Why less is more: the economics of moderation. | 003/100

Studying economics can be tough. Sometimes, when I’m deep into theoretical models, each reliant on dozens of complicated (and completely unrealistic) assumptions, I despair. How on earth is this useful? How is this in any way, shape or form applicable in the real world? Einstein said that ‘as far as the laws of mathematics refer to reality, they are not certain, and as far as they are certain, they do not refer to reality.’ The same holds true here.

I’m not saying there aren’t any insights to be drawn – that’d be ridiculous. It’s just a thrill when an economic model actually helps you make sense of the world. One such idea is the concept of ‘diminishing marginal returns’. Simply put, that means the more you consume of something, the less and less valuable each subsequent unit is to you. An example you’ll often come across in a textbook is eating burgers. The first burger, great. The second – yum. Perhaps by the third you’re starting to feel a little ill. There’s no way you could possibly jam in a fourth… And so on. Each one is worth less and less to you.

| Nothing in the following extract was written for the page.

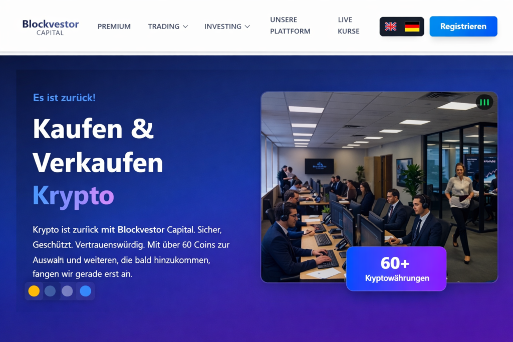 In den heutigen Finanzmärkten benötigen Investoren und Händler einen Partner, der jahrzehntelange Erfahrung mit modernster Technologie verbindet. Diese Blockvestor-Capital.com Bewertung wirft einen genaueren Blick auf Blockvestor Capital, eine hybride Brokerage-Firma, die traditionelle Finanzdienstleistungen mit dem Handel digitaler Vermögenswerte verbindet und sowohl privaten als auch institutionellen Investoren ein breites Spektrum an Tools und Dienstleistungen bietet.
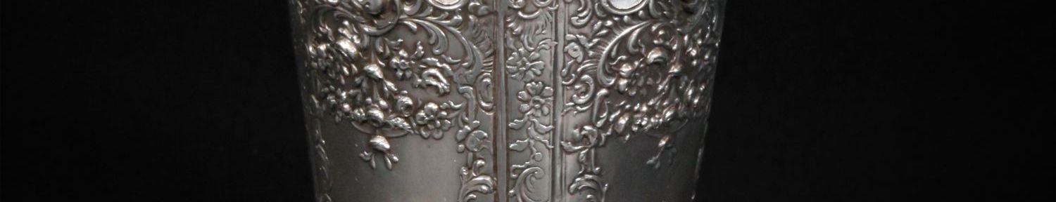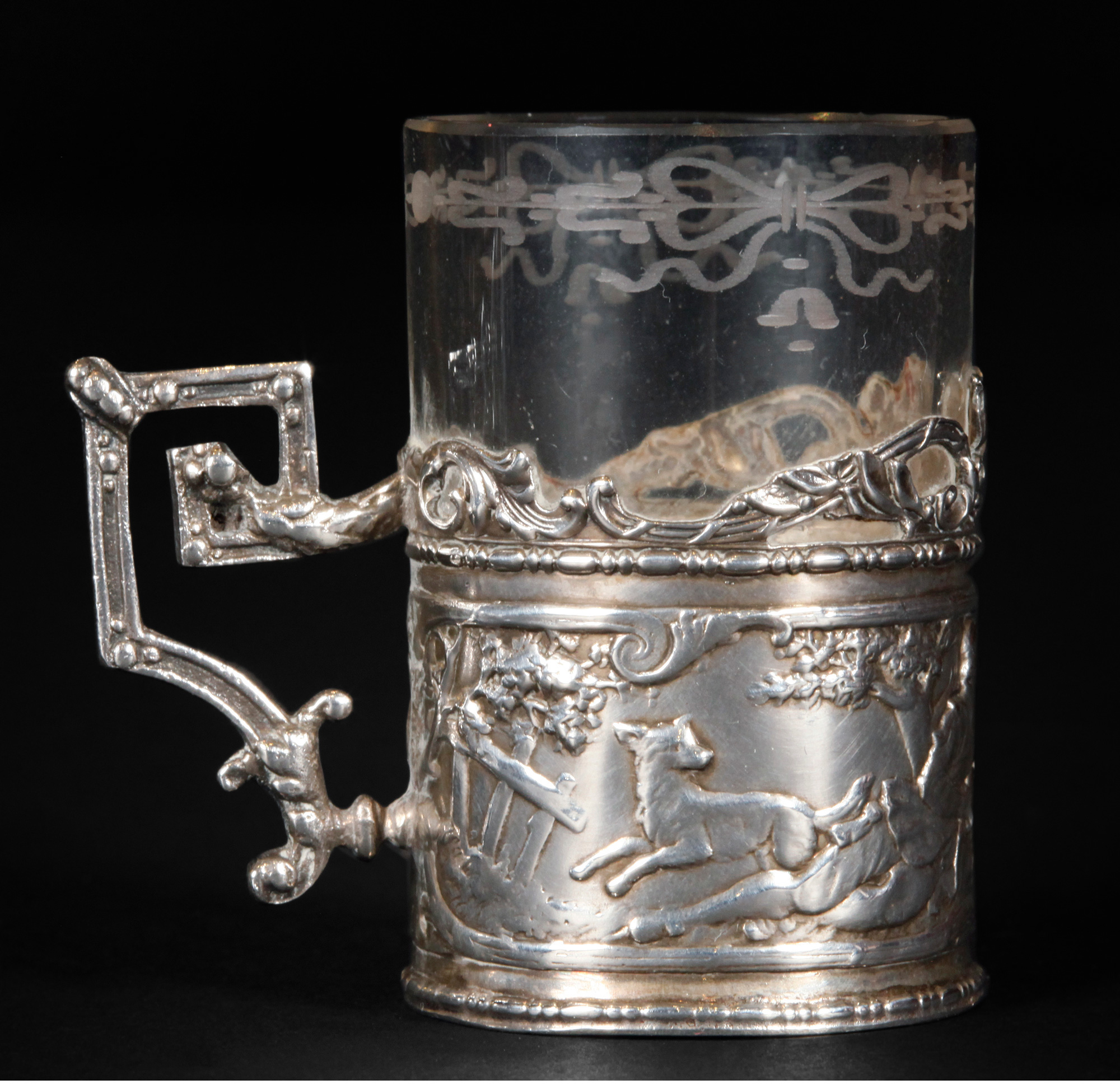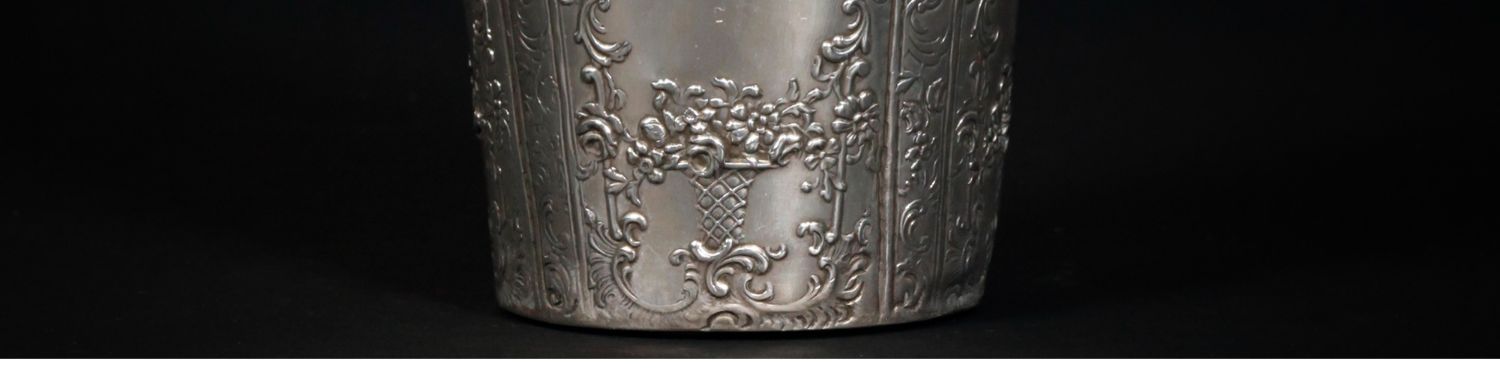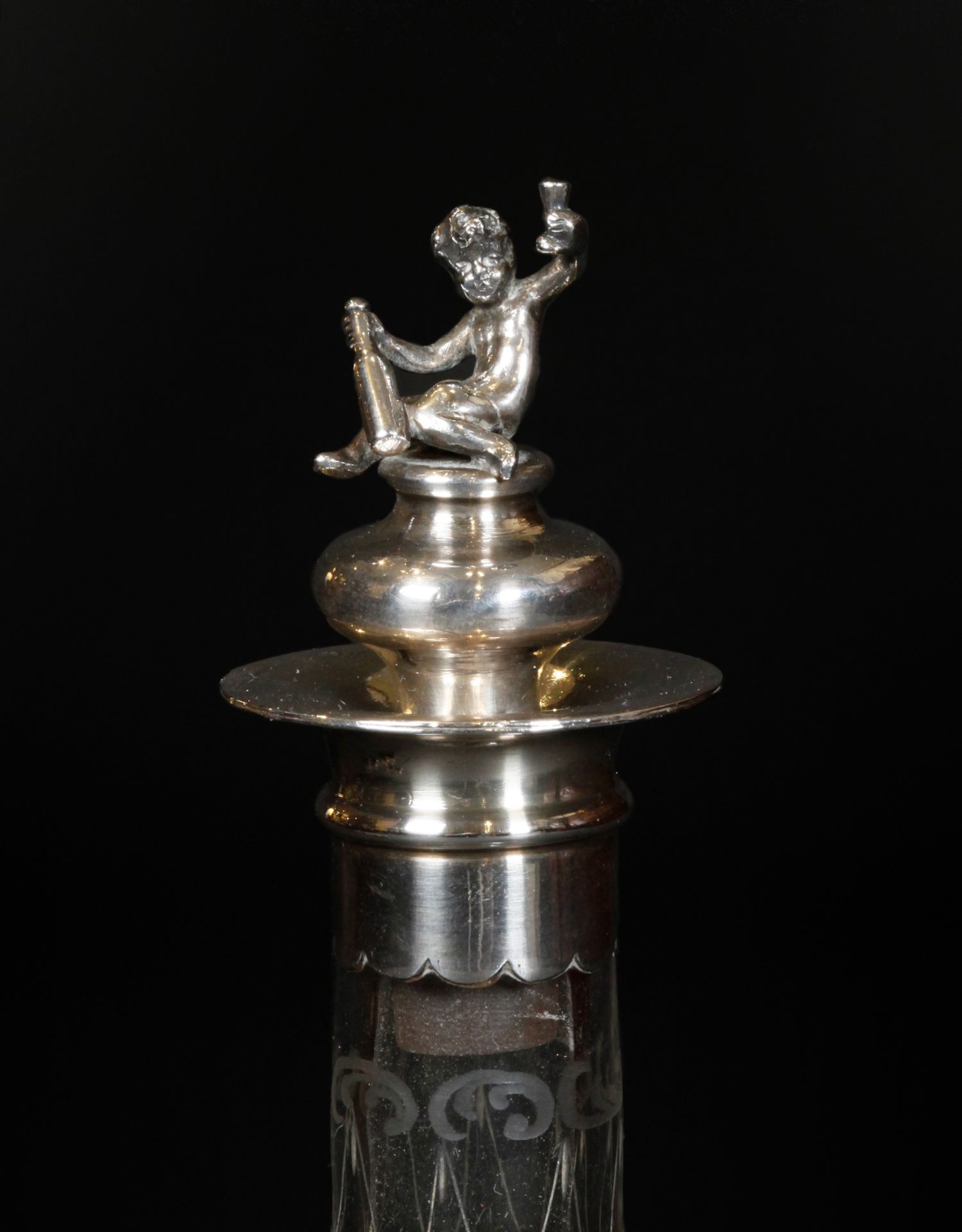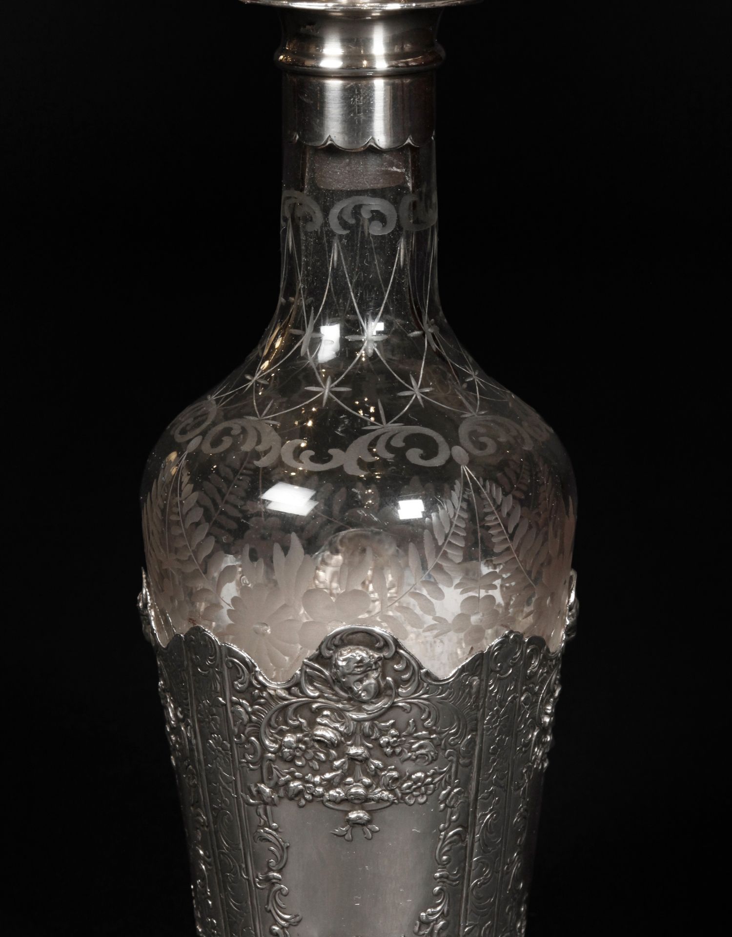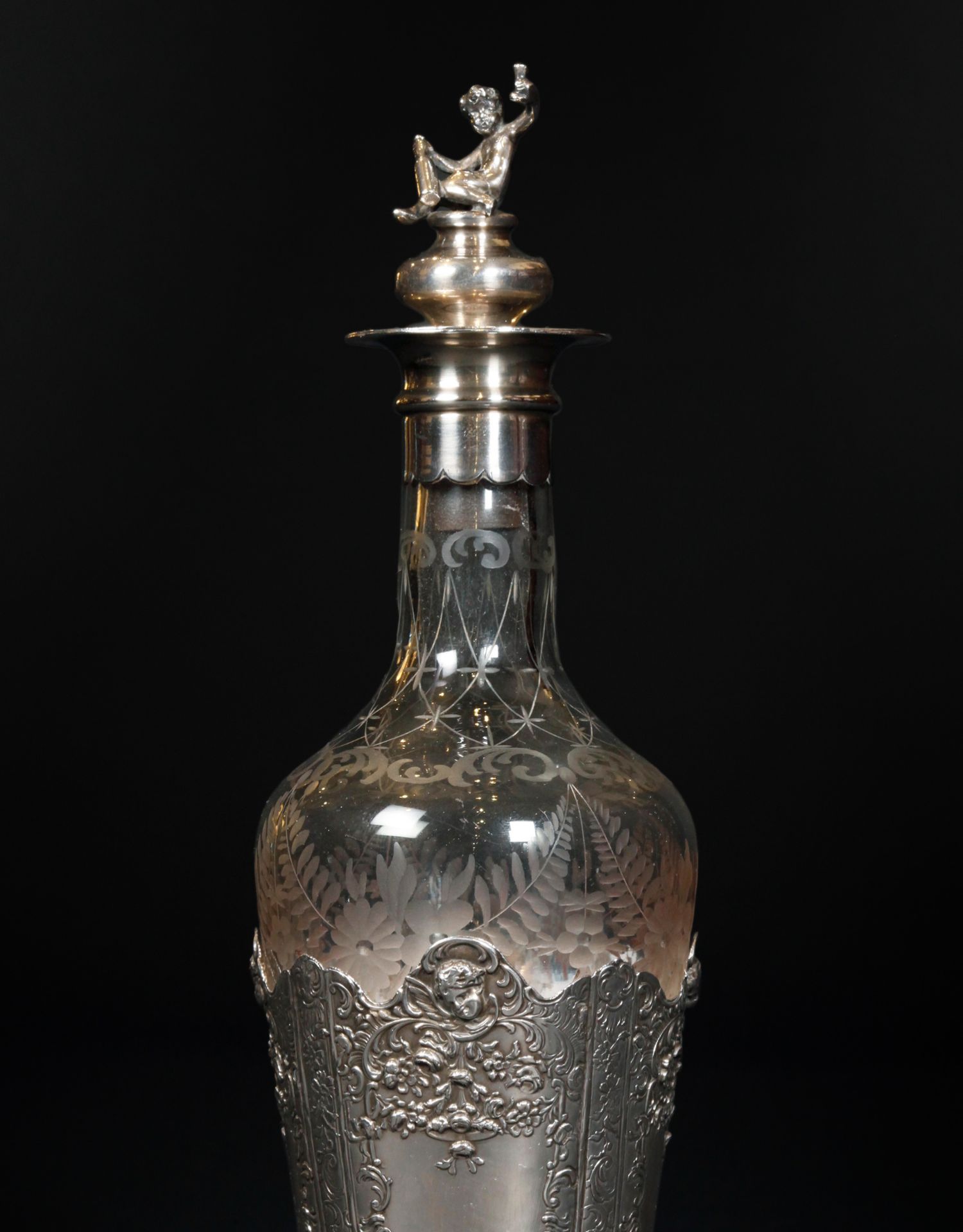 独角鹿西洋古董欧洲纯银精雕花园雅宴主题嵌刻花水晶酒具套装

Because you can have too much of a good thing.

A recent report from the ONS covered how people spent their ‘leisure time’, what they spent that time on and how many hours they worked. How often do you hear people moaning how fed up they are about work? You’d expect that those working less hours, with more time to spend as they wished were far happier.

Well, turns out that the busiest people enjoy their leisure time the most. On top of that, those who ‘spent the most time in leisure activities, at seven hours and 57 minutes per day, and were least likely to enjoy their leisure time‘.

“Moderation is the silken string running through the pearl chain of all virtues.”

-Joseph Hall, the ‘English Seneca’

Sitting around in your pants watching Netflix all day may sound great on the surface – but try doing it for a week, and see how you feel.

Ask yourself this: What are you overindulging in? Excessive drinking? Stuffing your face with cake? Scrolling mindlessly through your phone? Think about how you can cut down. The scarcer it is, the more you’ll enjoy it.